[Items from a data source]
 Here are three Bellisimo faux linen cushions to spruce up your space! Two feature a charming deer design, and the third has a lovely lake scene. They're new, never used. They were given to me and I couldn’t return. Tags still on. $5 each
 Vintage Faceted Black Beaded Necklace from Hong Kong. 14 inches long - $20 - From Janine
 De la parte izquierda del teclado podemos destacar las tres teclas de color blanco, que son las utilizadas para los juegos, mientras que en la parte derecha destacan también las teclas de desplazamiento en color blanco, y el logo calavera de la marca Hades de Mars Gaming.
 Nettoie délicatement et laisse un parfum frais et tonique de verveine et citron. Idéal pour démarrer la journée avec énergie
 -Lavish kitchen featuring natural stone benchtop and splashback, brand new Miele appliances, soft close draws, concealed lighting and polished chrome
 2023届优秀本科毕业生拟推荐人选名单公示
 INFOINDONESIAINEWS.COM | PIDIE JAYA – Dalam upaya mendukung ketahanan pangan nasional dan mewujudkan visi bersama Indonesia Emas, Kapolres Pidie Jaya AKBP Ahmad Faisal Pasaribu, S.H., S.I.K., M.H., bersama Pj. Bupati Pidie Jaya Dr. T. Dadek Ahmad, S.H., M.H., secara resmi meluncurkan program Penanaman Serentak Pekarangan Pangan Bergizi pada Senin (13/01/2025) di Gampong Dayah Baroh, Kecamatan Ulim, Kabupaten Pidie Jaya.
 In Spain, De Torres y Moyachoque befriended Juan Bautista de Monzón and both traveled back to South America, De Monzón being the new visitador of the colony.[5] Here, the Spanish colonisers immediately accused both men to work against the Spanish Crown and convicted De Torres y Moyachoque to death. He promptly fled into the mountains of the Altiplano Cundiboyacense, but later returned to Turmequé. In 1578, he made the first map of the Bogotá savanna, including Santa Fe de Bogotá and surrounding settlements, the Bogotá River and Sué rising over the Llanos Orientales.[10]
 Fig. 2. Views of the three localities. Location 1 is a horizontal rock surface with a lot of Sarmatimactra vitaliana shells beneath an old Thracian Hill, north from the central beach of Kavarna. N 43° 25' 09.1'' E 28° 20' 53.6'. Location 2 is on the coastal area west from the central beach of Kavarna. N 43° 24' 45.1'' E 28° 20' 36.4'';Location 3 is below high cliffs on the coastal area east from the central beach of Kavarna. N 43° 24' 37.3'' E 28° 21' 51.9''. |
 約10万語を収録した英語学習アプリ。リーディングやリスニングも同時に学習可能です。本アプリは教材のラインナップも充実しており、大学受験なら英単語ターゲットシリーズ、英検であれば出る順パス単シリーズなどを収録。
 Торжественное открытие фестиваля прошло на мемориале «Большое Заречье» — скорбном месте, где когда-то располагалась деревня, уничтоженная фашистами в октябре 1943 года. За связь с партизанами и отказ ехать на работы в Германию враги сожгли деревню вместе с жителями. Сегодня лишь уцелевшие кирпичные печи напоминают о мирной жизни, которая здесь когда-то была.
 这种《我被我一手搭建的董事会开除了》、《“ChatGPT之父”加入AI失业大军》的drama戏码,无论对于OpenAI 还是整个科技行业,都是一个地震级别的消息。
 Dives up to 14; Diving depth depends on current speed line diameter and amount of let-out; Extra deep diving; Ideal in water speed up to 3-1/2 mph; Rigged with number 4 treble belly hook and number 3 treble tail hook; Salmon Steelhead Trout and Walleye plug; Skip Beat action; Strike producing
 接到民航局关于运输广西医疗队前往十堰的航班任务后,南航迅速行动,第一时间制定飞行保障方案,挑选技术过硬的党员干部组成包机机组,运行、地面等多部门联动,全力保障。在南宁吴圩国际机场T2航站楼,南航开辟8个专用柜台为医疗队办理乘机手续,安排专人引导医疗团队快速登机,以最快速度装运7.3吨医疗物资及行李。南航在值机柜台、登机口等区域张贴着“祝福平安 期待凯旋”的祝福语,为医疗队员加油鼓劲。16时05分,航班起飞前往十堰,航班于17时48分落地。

* Task instructions
All entries must come back exactly as they were written.

* Expected answer
 Here are three Bellisimo faux linen cushions to spruce up your space! Two feature a charming deer design, and the third has a lovely lake scene. They're new, never used. They were given to me and I couldn’t return. Tags still on. $5 each
 Vintage Faceted Black Beaded Necklace from Hong Kong. 14 inches long - $20 - From Janine
 De la parte izquierda del teclado podemos destacar las tres teclas de color blanco, que son las utilizadas para los juegos, mientras que en la parte derecha destacan también las teclas de desplazamiento en color blanco, y el logo calavera de la marca Hades de Mars Gaming.
 Nettoie délicatement et laisse un parfum frais et tonique de verveine et citron. Idéal pour démarrer la journée avec énergie
 -Lavish kitchen featuring natural stone benchtop and splashback, brand new Miele appliances, soft close draws, concealed lighting and polished chrome
 2023届优秀本科毕业生拟推荐人选名单公示
 INFOINDONESIAINEWS.COM | PIDIE JAYA – Dalam upaya mendukung ketahanan pangan nasional dan mewujudkan visi bersama Indonesia Emas, Kapolres Pidie Jaya AKBP Ahmad Faisal Pasaribu, S.H., S.I.K., M.H., bersama Pj. Bupati Pidie Jaya Dr. T. Dadek Ahmad, S.H., M.H., secara resmi meluncurkan program Penanaman Serentak Pekarangan Pangan Bergizi pada Senin (13/01/2025) di Gampong Dayah Baroh, Kecamatan Ulim, Kabupaten Pidie Jaya.
 In Spain, De Torres y Moyachoque befriended Juan Bautista de Monzón and both traveled back to South America, De Monzón being the new visitador of the colony.[5] Here, the Spanish colonisers immediately accused both men to work against the Spanish Crown and convicted De Torres y Moyachoque to death. He promptly fled into the mountains of the Altiplano Cundiboyacense, but later returned to Turmequé. In 1578, he made the first map of the Bogotá savanna, including Santa Fe de Bogotá and surrounding settlements, the Bogotá River and Sué rising over the Llanos Orientales.[10]
 Fig. 2. Views of the three localities. Location 1 is a horizontal rock surface with a lot of Sarmatimactra vitaliana shells beneath an old Thracian Hill, north from the central beach of Kavarna. N 43° 25' 09.1'' E 28° 20' 53.6'. Location 2 is on the coastal area west from the central beach of Kavarna. N 43° 24' 45.1'' E 28° 20' 36.4'';Location 3 is below high cliffs on the coastal area east from the central beach of Kavarna. N 43° 24' 37.3'' E 28° 21' 51.9''. |
 約10万語を収録した英語学習アプリ。リーディングやリスニングも同時に学習可能です。本アプリは教材のラインナップも充実しており、大学受験なら英単語ターゲットシリーズ、英検であれば出る順パス単シリーズなどを収録。
 Торжественное открытие фестиваля прошло на мемориале «Большое Заречье» — скорбном месте, где когда-то располагалась деревня, уничтоженная фашистами в октябре 1943 года. За связь с партизанами и отказ ехать на работы в Германию враги сожгли деревню вместе с жителями. Сегодня лишь уцелевшие кирпичные печи напоминают о мирной жизни, которая здесь когда-то была.
 这种《我被我一手搭建的董事会开除了》、《“ChatGPT之父”加入AI失业大军》的drama戏码,无论对于OpenAI 还是整个科技行业,都是一个地震级别的消息。
 Dives up to 14; Diving depth depends on current speed line diameter and amount of let-out; Extra deep diving; Ideal in water speed up to 3-1/2 mph; Rigged with number 4 treble belly hook and number 3 treble tail hook; Salmon Steelhead Trout and Walleye plug; Skip Beat action; Strike producing
 接到民航局关于运输广西医疗队前往十堰的航班任务后,南航迅速行动,第一时间制定飞行保障方案,挑选技术过硬的党员干部组成包机机组,运行、地面等多部门联动,全力保障。在南宁吴圩国际机场T2航站楼,南航开辟8个专用柜台为医疗队办理乘机手续,安排专人引导医疗团队快速登机,以最快速度装运7.3吨医疗物资及行李。南航在值机柜台、登机口等区域张贴着“祝福平安 期待凯旋”的祝福语,为医疗队员加油鼓劲。16时05分,航班起飞前往十堰,航班于17时48分落地。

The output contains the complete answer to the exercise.